##### Data section

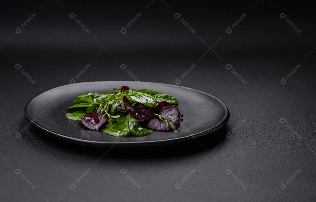 Deliciosa salada fresca composta por espinafre, acelga, radicchio, gráfico vermelho, sangue de touros e rúcula em uma placa preta sobre um fundo escuro de concreto
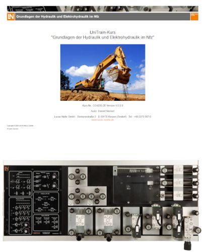 Diese Vielzahl an Funktionen verlangt von Servicewerkstattpersonal ein fundiertes und breites Wissen über die Grundlagen und die verschiedenen Anwendungen der Hydraulik. Daher hat die Firma Lucas-Nülle ein Trainingssystem entwickelt, welches ein praxisnahes Lernen ermöglicht und Ihnen die geforderten Grundlagen einfach und verständlich vermittelt. Der Kurs vermittelt das grundlegende Wissen zur Hydraulik. Anhand vieler erprobter Experimente werden die Funktionsweise und der Aufbau von hydraulischen Steuerungen anschaulich dargestellt.
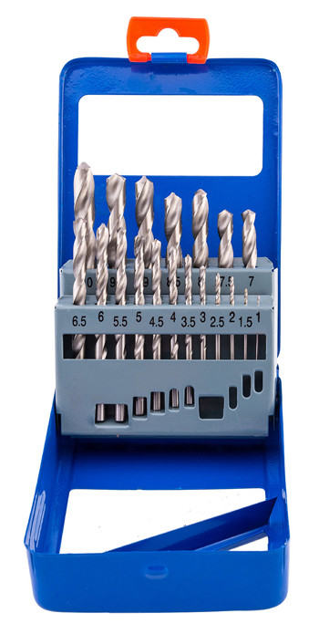 A készletet egy fémdobozba helyezzük, amelyben minden fúrómérethez van kijelölve és kijelölt hely.
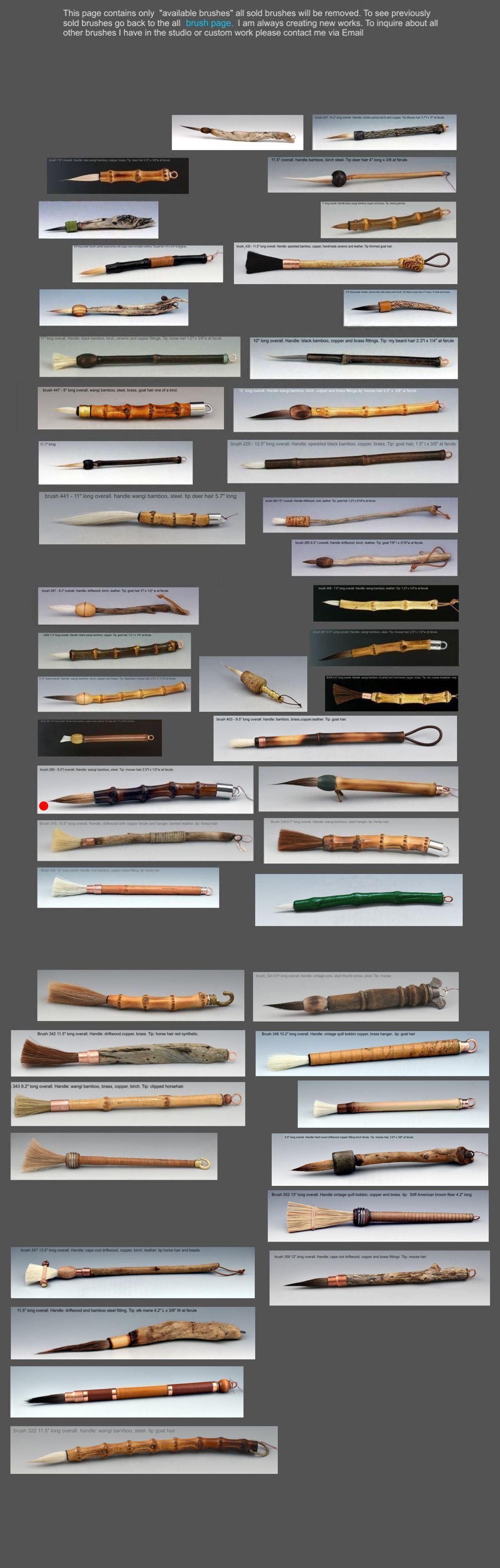 Some of my brushes lean more to sculpture but, all are FUNCTIONAL.. My brushes, for the most part, designed for water base media. They will perform differently depending on the consistency of the media used. They are suitable for most ceramic slips, glazes and under glazes, ink, water color or acrylics. The test examples on the following pages are done with water based media and ceramic glazes on paper. Test images are often repeated for very similar tips.. Click here for Brush usage and cleaning information Click here for information on my brushes and the methods I use to create them.
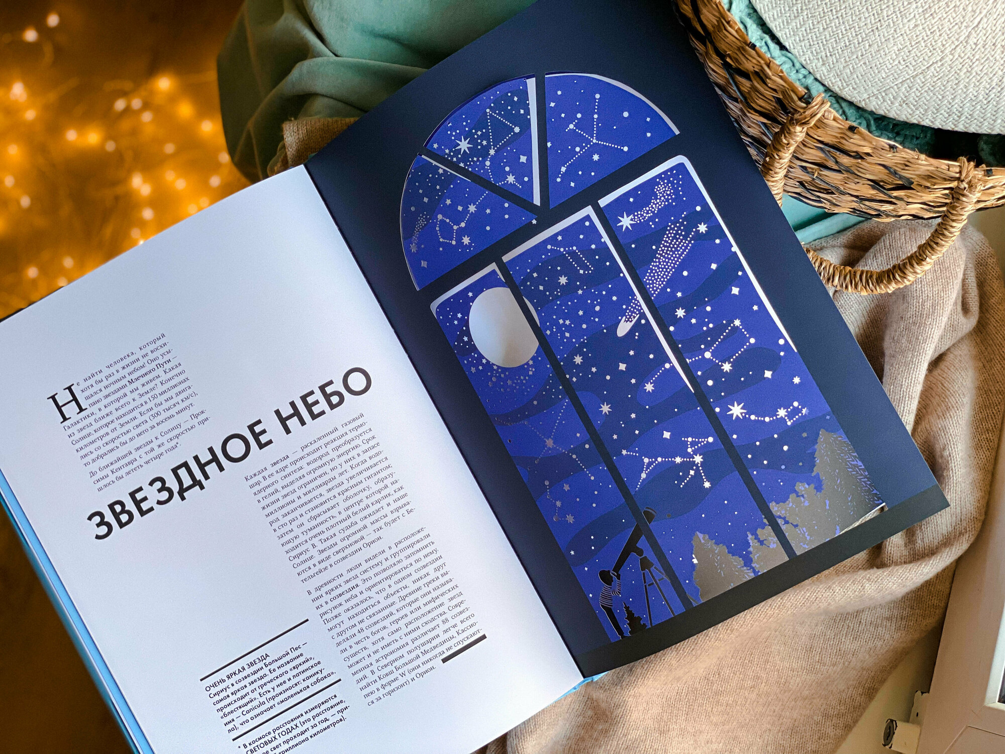 Небо — интерактивная книга с клапанами и резными иллюстрациями про атмосферу, космос и не только
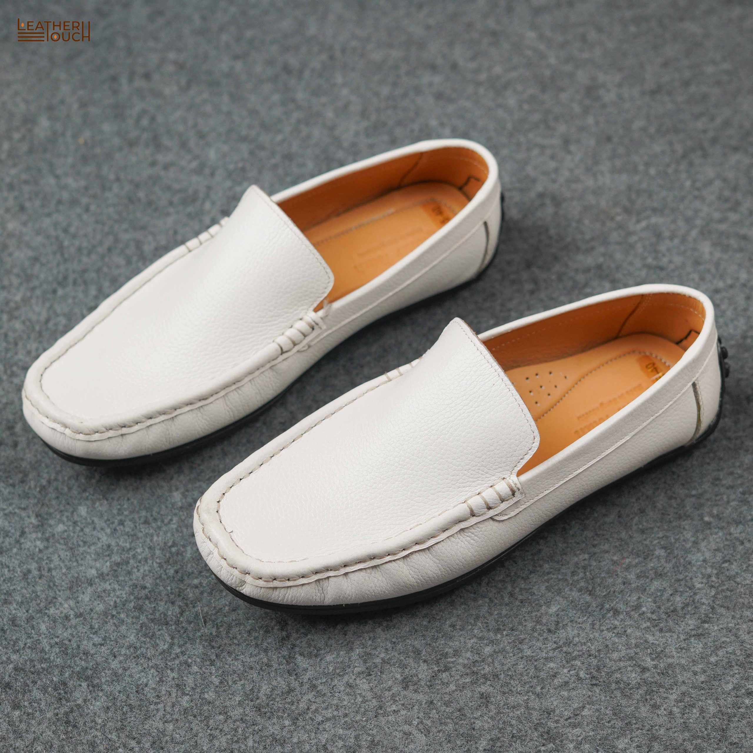 Premium White Leather Loafers
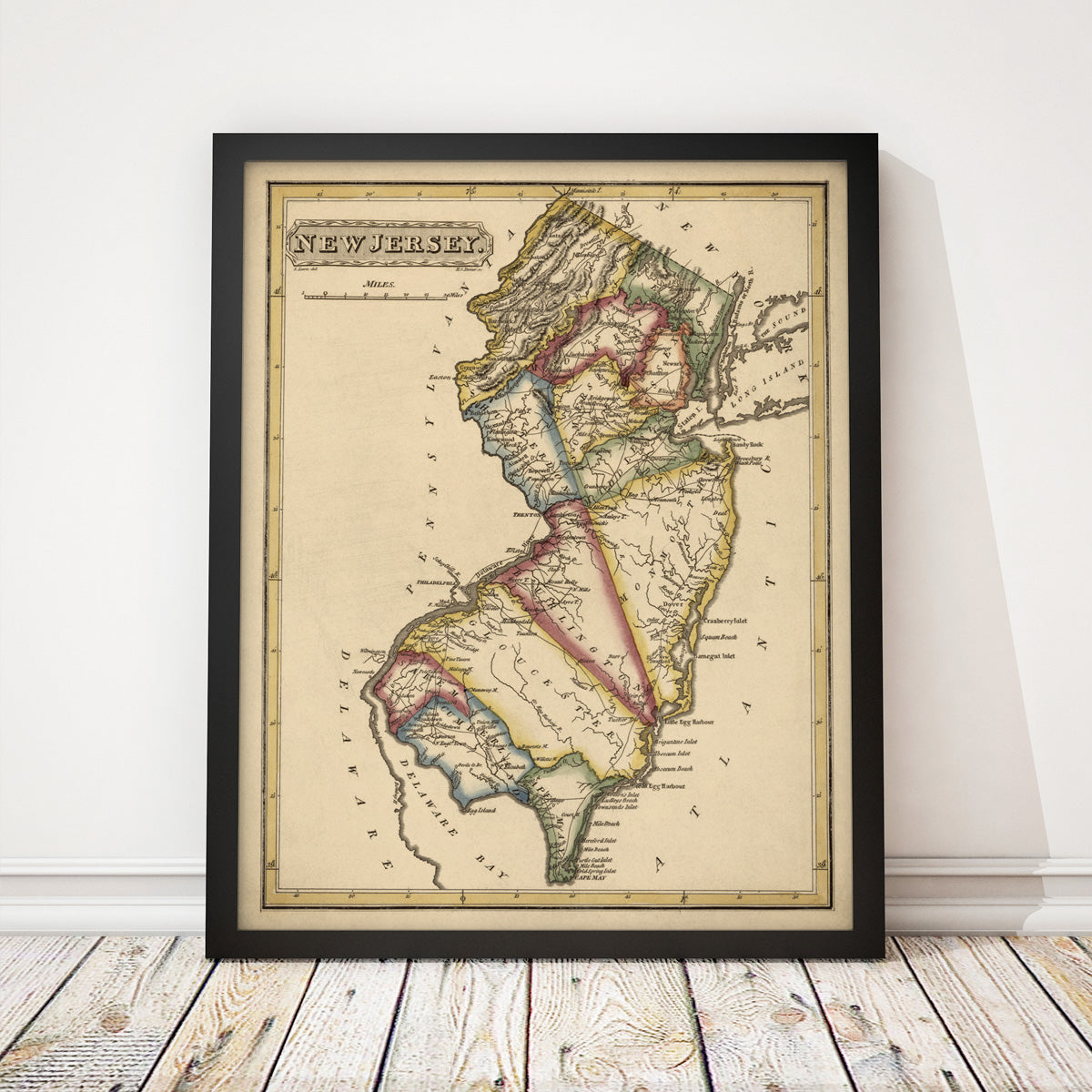 Archival print reproduction of an antique map of New Jersey from c1817 by Fielding Lucas.

##########

> [Task to complete] A word-for-word transcription of the entries above, free of images, is what is wanted.

> [Solution for this exercise]
 Deliciosa salada fresca composta por espinafre, acelga, radicchio, gráfico vermelho, sangue de touros e rúcula em uma placa preta sobre um fundo escuro de concreto
 Diese Vielzahl an Funktionen verlangt von Servicewerkstattpersonal ein fundiertes und breites Wissen über die Grundlagen und die verschiedenen Anwendungen der Hydraulik. Daher hat die Firma Lucas-Nülle ein Trainingssystem entwickelt, welches ein praxisnahes Lernen ermöglicht und Ihnen die geforderten Grundlagen einfach und verständlich vermittelt. Der Kurs vermittelt das grundlegende Wissen zur Hydraulik. Anhand vieler erprobter Experimente werden die Funktionsweise und der Aufbau von hydraulischen Steuerungen anschaulich dargestellt.
 A készletet egy fémdobozba helyezzük, amelyben minden fúrómérethez van kijelölve és kijelölt hely.
 Some of my brushes lean more to sculpture but, all are FUNCTIONAL.. My brushes, for the most part, designed for water base media. They will perform differently depending on the consistency of the media used. They are suitable for most ceramic slips, glazes and under glazes, ink, water color or acrylics. The test examples on the following pages are done with water based media and ceramic glazes on paper. Test images are often repeated for very similar tips.. Click here for Brush usage and cleaning information Click here for information on my brushes and the methods I use to create them.
 Небо — интерактивная книга с клапанами и резными иллюстрациями про атмосферу, космос и не только
 Premium White Leather Loafers
 Archival print reproduction of an antique map of New Jersey from c1817 by Fielding Lucas.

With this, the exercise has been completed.